During that time there was a lot of chatter on the “Hibbing Parents Against Mandates” Facebook page (which now boasts more than 600 members) from parents saying they would enroll their students in other districts.

Holmes said he has six kids living “under his roof” at the moment and that he and his wife enrolled four of them in the Chisholm School District but two remain in Hibbing.

Aldrich said enrollment was not significantly impacted as a result of requiring masks.

“Some students chose to attend elsewhere because of masking, and some students open-enrolled into the Hibbing District because we are masking. The number was under 20 coming in and/or out,” Aldrich said.

He also added that staff and students have been supportive of the requirement.

“Our goal is to remain in-person, which we have been able to do. The option of masks or shields has given options to students and staff.

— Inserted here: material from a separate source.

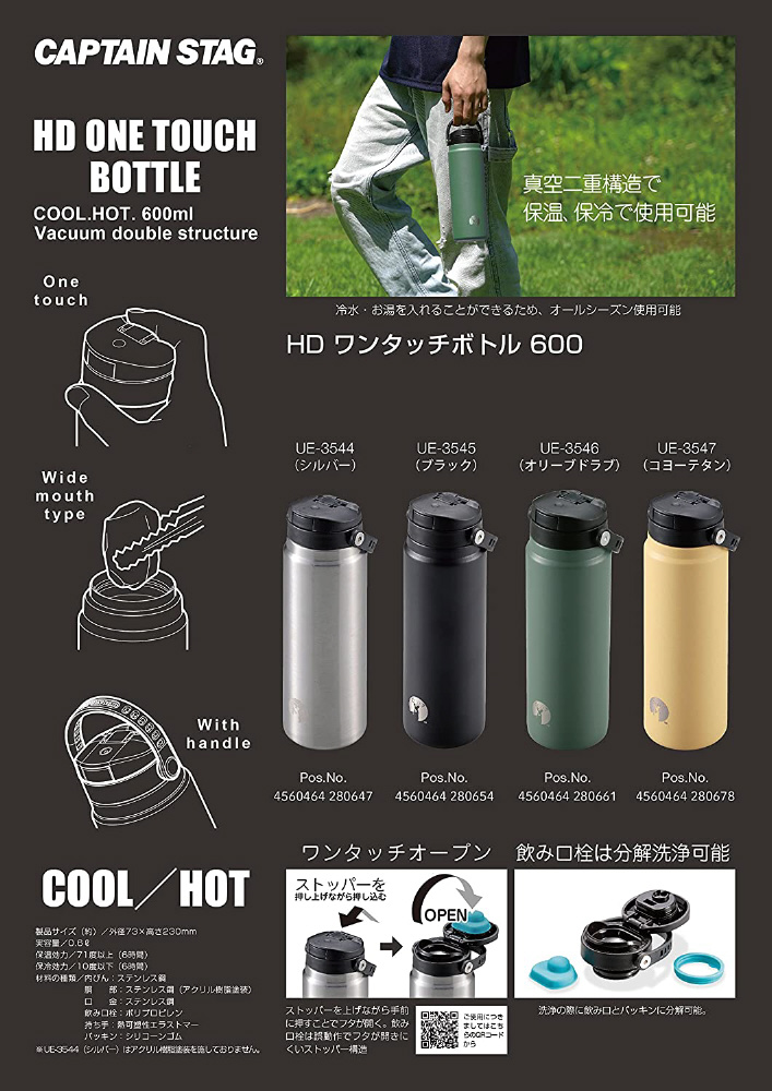 キャプテンスタッグ【HDボトル】シリーズ!真空二重構造で保温、保冷で使用可能。冷水・お湯を入れることができるため、オールシーズン使用可能。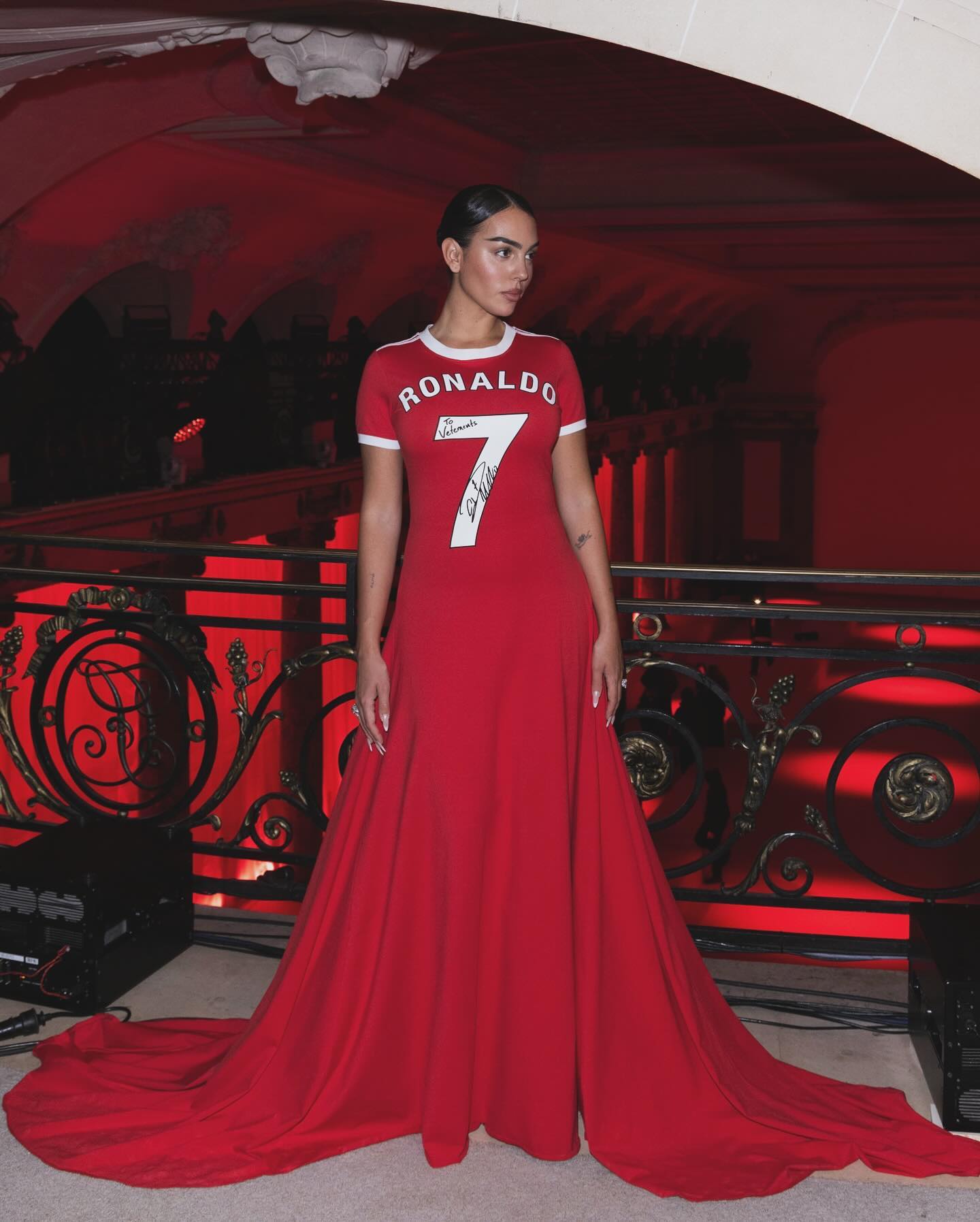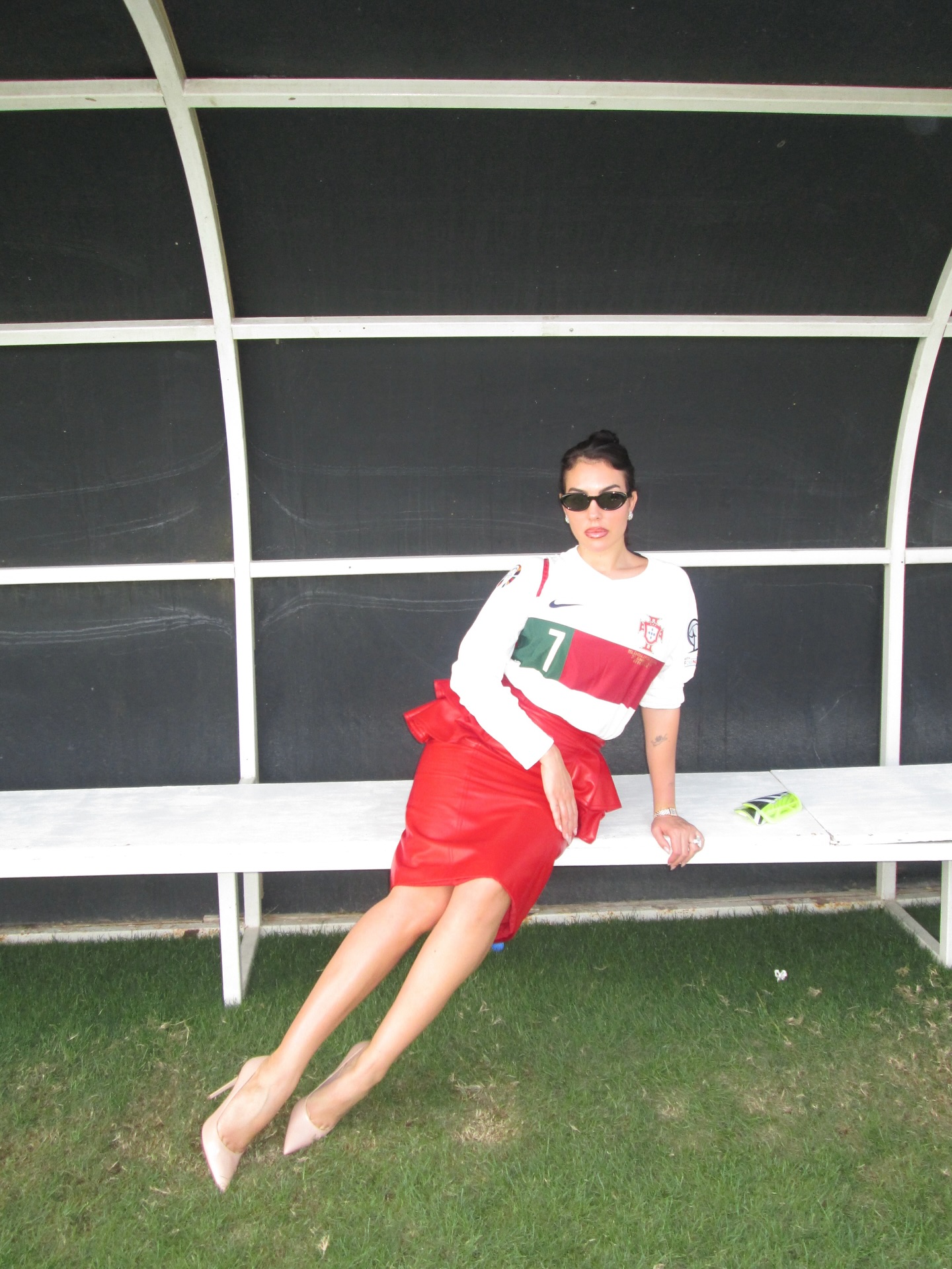 ظهرت جورجينا بإطلالة رياضية أنيقة، قميص المنتخب البرتغالي الأبيض والأحمر برقم 7 واسم رونالدو، مع تنورة جلدية حمراء لامعة ضيقة عند الخصر، وصندل نيود وكلاسات نظارات سوداء، مزيج بين الأناقة وروح التشجيع الرياضي.

Also, we have accepted face covering exemptions, from a doctor, for those that qualify,” he said.

As far as when or if the mask requirement will be lifted, Aldrich said the school board approved the Face Covering Resolution that outlines the process for change.

It reads: "The health and safety measures selected and implemented by the Superintendent shall continue in effect unless and until the School Board, in consultation with the Superintendent and appropriate school district staff and public health officials, deems it in the best interest of the School District and its students to implement different health and safety measures."

“I'm hopeful that if our local numbers continue to drop, and vaccination becomes available for all of our students, that masking will be re-evaluated,” Aldrich said. “We would rely on recommendations from local public health, and other health professionals when making a change.”